* TASK *
If a line in the data has the string "body", please show it.

#### GIVEN INFORMATION

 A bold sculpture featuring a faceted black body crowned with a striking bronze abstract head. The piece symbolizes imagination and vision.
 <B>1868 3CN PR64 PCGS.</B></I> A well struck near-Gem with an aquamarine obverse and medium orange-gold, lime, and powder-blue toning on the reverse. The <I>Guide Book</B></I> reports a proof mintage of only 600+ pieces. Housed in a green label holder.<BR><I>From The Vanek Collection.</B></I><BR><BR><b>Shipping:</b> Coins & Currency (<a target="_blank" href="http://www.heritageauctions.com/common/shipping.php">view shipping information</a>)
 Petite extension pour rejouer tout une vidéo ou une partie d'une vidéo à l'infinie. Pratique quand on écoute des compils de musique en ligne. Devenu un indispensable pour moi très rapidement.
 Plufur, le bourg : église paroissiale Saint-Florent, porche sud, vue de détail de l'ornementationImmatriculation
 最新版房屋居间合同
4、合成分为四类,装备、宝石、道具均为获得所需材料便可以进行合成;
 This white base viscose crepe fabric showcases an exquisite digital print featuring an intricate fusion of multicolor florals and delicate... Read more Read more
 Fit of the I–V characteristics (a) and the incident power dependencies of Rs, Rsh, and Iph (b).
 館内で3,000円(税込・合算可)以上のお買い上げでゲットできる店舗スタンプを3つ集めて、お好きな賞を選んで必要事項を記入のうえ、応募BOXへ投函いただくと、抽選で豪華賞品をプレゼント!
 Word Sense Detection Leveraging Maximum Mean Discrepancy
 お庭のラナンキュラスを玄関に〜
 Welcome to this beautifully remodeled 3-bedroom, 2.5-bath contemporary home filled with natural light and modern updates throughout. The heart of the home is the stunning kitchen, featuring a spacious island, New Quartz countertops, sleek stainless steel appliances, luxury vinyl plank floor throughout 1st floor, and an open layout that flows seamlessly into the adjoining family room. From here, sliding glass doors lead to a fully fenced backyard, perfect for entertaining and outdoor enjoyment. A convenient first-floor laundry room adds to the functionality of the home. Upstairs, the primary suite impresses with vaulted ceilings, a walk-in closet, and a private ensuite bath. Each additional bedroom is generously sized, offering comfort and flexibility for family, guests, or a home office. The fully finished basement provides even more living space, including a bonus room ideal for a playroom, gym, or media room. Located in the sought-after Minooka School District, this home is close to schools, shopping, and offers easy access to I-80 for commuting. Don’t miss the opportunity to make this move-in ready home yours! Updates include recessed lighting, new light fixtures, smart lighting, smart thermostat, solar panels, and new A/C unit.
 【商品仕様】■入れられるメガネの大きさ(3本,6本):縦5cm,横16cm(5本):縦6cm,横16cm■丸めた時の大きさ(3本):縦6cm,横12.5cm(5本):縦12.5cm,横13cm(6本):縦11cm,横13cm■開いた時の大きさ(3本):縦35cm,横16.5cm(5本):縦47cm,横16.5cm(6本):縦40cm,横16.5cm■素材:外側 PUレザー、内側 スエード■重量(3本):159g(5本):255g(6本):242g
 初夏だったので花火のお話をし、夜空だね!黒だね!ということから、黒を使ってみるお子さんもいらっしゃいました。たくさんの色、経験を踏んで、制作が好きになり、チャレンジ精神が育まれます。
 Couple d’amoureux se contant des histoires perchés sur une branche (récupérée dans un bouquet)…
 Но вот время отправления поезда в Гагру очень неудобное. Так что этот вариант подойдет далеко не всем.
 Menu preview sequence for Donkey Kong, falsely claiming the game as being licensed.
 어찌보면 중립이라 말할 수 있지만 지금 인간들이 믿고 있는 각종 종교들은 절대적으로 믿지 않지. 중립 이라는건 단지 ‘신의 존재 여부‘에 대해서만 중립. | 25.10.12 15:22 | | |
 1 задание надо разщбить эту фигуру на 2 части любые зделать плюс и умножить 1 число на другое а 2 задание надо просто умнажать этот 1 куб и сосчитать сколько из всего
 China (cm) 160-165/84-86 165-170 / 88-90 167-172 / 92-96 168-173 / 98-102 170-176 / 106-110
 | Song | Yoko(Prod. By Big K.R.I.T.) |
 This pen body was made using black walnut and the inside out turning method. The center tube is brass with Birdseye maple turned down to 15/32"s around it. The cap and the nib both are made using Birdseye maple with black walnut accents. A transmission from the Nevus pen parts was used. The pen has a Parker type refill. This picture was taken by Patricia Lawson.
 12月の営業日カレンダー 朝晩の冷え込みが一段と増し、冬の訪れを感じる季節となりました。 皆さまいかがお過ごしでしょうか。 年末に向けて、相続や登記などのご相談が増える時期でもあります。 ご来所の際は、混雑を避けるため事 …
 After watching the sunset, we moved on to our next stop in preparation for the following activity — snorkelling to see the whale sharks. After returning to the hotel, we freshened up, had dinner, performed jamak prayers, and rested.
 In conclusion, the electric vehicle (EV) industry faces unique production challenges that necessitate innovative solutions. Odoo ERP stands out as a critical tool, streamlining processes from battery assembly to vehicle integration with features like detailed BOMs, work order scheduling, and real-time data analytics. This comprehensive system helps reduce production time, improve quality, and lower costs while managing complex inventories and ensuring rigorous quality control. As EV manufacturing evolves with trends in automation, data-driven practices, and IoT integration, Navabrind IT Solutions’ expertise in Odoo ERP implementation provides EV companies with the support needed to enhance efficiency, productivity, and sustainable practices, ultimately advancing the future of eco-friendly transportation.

########

* PROBLEM SOLUTION *
 A bold sculpture featuring a faceted black body crowned with a striking bronze abstract head. The piece symbolizes imagination and vision.
 This pen body was made using black walnut and the inside out turning method. The center tube is brass with Birdseye maple turned down to 15/32"s around it. The cap and the nib both are made using Birdseye maple with black walnut accents. A transmission from the Nevus pen parts was used. The pen has a Parker type refill. This picture was taken by Patricia Lawson.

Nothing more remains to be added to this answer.